#### Data to use
■ ■ ■ ■ ■ ■ ■
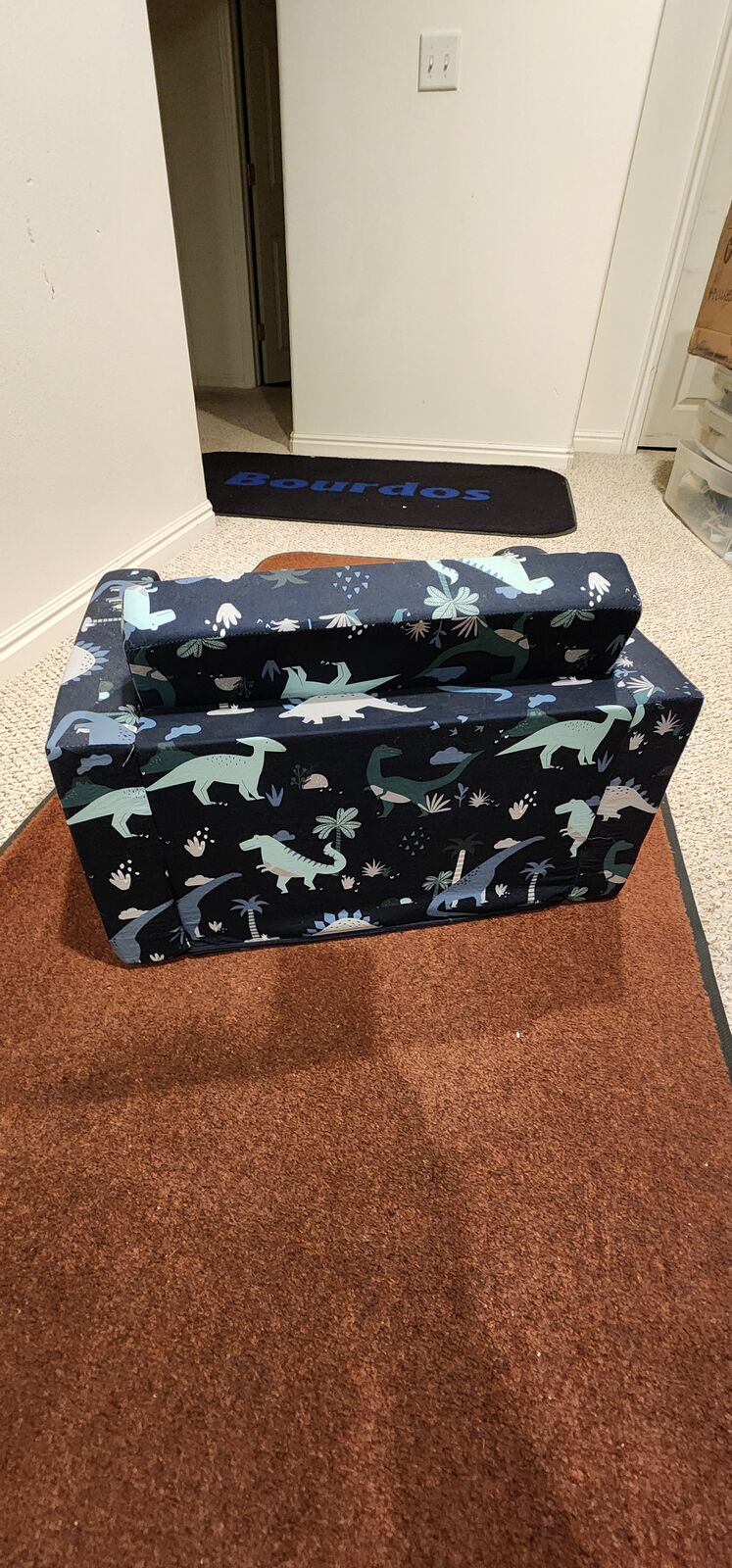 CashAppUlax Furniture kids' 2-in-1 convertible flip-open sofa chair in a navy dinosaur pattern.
■ ■ ■ ■ ■ ■ ■
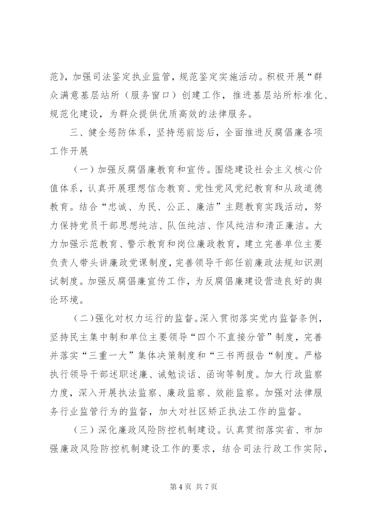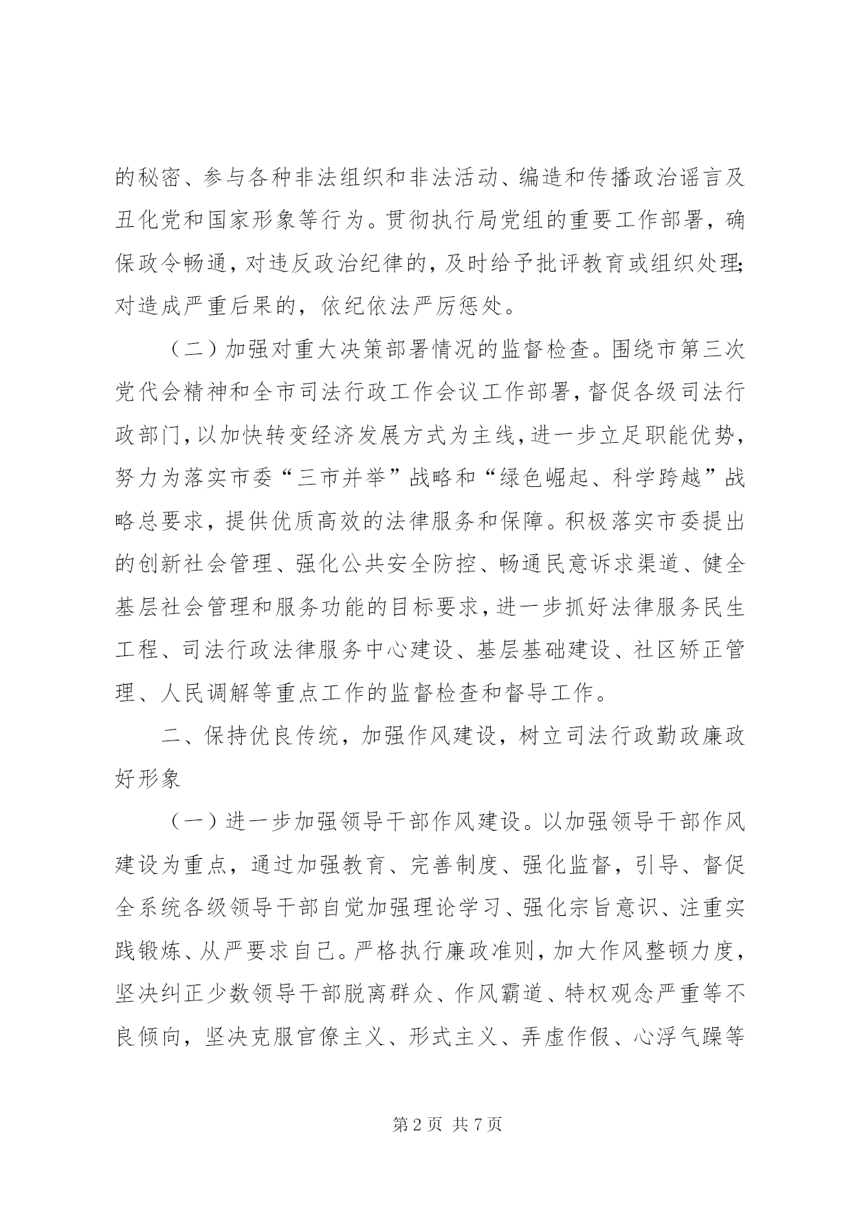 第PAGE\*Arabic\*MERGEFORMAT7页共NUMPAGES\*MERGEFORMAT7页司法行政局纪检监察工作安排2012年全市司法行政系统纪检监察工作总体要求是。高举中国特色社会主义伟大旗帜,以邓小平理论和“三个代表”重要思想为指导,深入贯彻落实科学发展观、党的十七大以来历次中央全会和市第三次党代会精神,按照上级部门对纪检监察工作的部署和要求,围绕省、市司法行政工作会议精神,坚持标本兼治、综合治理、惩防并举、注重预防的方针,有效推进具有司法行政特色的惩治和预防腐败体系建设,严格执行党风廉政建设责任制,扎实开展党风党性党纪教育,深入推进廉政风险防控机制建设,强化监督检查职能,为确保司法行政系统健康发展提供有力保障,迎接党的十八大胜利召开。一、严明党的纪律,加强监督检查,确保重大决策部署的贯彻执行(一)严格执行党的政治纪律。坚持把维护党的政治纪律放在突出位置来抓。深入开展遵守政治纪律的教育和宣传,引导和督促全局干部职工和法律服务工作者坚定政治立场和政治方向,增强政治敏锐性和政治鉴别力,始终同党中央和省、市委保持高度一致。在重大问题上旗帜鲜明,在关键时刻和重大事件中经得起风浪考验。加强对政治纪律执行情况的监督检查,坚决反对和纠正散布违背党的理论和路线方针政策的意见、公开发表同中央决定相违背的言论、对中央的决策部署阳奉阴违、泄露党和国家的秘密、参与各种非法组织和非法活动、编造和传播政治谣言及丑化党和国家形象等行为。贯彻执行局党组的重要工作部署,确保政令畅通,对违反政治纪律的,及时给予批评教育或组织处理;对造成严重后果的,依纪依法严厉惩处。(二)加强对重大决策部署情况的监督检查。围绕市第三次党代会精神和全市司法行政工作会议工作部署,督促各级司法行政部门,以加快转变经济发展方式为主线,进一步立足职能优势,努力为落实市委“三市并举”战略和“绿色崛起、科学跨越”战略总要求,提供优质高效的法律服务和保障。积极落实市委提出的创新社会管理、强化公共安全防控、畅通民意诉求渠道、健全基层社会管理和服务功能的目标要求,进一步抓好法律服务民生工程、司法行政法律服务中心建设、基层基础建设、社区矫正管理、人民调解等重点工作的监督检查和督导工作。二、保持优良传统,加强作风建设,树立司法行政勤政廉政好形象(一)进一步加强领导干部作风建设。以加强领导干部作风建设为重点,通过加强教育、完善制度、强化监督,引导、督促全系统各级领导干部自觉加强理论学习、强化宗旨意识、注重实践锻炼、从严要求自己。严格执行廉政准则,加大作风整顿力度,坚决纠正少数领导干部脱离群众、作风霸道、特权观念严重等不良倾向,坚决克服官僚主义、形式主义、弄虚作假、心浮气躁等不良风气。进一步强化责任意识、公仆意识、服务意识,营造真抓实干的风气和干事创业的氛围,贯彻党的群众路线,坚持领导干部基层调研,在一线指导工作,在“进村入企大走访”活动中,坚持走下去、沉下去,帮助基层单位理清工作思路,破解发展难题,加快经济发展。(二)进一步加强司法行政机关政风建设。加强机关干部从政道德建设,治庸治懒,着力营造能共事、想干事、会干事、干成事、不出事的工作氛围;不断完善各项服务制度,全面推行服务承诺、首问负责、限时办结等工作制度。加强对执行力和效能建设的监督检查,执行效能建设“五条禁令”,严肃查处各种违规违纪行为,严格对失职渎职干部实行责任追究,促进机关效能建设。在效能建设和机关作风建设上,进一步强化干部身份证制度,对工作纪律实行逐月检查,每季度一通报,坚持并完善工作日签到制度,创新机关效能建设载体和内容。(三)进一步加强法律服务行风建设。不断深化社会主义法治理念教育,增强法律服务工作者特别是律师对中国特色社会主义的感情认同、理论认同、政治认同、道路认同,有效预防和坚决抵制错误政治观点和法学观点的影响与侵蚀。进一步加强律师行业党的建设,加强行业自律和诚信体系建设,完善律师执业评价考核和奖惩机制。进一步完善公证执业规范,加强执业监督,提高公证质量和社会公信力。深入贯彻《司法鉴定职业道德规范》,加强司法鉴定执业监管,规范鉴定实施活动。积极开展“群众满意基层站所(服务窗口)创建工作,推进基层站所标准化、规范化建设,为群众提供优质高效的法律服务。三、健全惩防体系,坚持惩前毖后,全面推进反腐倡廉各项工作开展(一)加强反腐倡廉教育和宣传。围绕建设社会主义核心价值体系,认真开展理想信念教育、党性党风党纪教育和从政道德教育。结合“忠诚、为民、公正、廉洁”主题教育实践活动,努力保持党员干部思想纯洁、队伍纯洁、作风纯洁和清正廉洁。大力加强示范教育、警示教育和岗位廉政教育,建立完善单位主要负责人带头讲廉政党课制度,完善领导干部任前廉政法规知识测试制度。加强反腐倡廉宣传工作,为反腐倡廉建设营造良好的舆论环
■ ■ ■ ■ ■ ■ ■
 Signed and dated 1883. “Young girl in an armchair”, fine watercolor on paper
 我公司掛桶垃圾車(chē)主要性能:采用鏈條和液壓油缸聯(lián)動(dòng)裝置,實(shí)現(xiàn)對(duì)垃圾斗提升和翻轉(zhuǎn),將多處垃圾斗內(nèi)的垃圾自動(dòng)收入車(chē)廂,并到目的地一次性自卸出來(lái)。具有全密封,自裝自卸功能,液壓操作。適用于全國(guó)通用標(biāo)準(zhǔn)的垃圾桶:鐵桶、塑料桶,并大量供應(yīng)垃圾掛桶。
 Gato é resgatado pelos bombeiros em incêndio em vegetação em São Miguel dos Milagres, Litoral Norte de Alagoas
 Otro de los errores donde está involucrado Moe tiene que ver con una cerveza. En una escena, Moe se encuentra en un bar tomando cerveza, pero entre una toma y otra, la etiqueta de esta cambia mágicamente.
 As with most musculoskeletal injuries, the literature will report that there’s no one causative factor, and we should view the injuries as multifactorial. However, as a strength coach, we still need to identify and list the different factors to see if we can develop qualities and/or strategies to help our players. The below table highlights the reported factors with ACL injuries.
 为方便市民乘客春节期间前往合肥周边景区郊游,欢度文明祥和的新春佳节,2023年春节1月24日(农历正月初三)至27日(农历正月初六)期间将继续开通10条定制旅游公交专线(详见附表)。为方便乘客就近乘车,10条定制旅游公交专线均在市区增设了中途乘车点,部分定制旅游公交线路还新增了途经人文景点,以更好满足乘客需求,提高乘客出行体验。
■ ■ ■ ■ ■ ■ ■
#### Exercise goal
Retype only the stretch of lines above starting at the one with "我公司掛桶垃圾車(chē)主" and stopping at the one with "为方便市民乘客春节期间前往合", exactly as written, with both kept.

#### Completed exercise
 我公司掛桶垃圾車(chē)主要性能:采用鏈條和液壓油缸聯(lián)動(dòng)裝置,實(shí)現(xiàn)對(duì)垃圾斗提升和翻轉(zhuǎn),將多處垃圾斗內(nèi)的垃圾自動(dòng)收入車(chē)廂,并到目的地一次性自卸出來(lái)。具有全密封,自裝自卸功能,液壓操作。適用于全國(guó)通用標(biāo)準(zhǔn)的垃圾桶:鐵桶、塑料桶,并大量供應(yīng)垃圾掛桶。
 Gato é resgatado pelos bombeiros em incêndio em vegetação em São Miguel dos Milagres, Litoral Norte de Alagoas
 Otro de los errores donde está involucrado Moe tiene que ver con una cerveza. En una escena, Moe se encuentra en un bar tomando cerveza, pero entre una toma y otra, la etiqueta de esta cambia mágicamente.
 As with most musculoskeletal injuries, the literature will report that there’s no one causative factor, and we should view the injuries as multifactorial. However, as a strength coach, we still need to identify and list the different factors to see if we can develop qualities and/or strategies to help our players. The below table highlights the reported factors with ACL injuries.
 为方便市民乘客春节期间前往合肥周边景区郊游,欢度文明祥和的新春佳节,2023年春节1月24日(农历正月初三)至27日(农历正月初六)期间将继续开通10条定制旅游公交专线(详见附表)。为方便乘客就近乘车,10条定制旅游公交专线均在市区增设了中途乘车点,部分定制旅游公交线路还新增了途经人文景点,以更好满足乘客需求,提高乘客出行体验。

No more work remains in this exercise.